■ **DATASET EXTRACT**
■ ■ ■ ■ ■
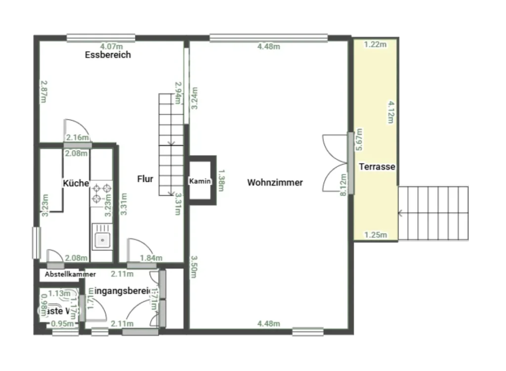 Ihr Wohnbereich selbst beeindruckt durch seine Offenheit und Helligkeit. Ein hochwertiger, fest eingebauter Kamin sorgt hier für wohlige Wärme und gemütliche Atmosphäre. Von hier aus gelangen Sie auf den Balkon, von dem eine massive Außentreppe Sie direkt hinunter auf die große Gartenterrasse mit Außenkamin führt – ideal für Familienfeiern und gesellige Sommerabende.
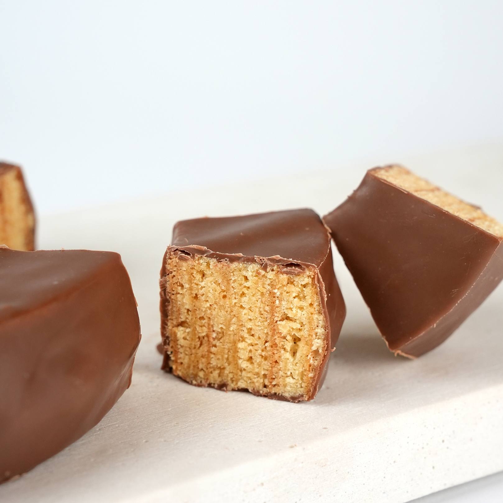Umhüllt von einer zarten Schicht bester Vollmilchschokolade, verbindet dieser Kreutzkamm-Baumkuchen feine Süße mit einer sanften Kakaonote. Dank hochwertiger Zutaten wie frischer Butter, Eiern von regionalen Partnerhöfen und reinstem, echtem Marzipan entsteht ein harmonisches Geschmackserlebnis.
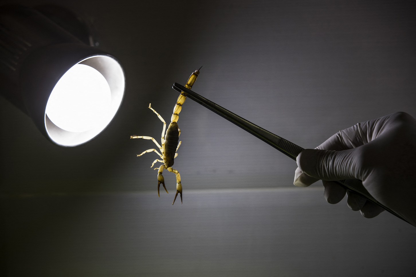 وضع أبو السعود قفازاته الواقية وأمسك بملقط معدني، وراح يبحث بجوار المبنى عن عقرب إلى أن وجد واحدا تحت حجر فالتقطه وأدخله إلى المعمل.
■ ■ ■ ■ ■
■ **TASK BRIEF**
Only the lines from the line with "Umhüllt von einer" through the closing line of the data, both included, should be set down, exactly as written and without pictures.

■ **RESULT**
Umhüllt von einer zarten Schicht bester Vollmilchschokolade, verbindet dieser Kreutzkamm-Baumkuchen feine Süße mit einer sanften Kakaonote. Dank hochwertiger Zutaten wie frischer Butter, Eiern von regionalen Partnerhöfen und reinstem, echtem Marzipan entsteht ein harmonisches Geschmackserlebnis.
 وضع أبو السعود قفازاته الواقية وأمسك بملقط معدني، وراح يبحث بجوار المبنى عن عقرب إلى أن وجد واحدا تحت حجر فالتقطه وأدخله إلى المعمل.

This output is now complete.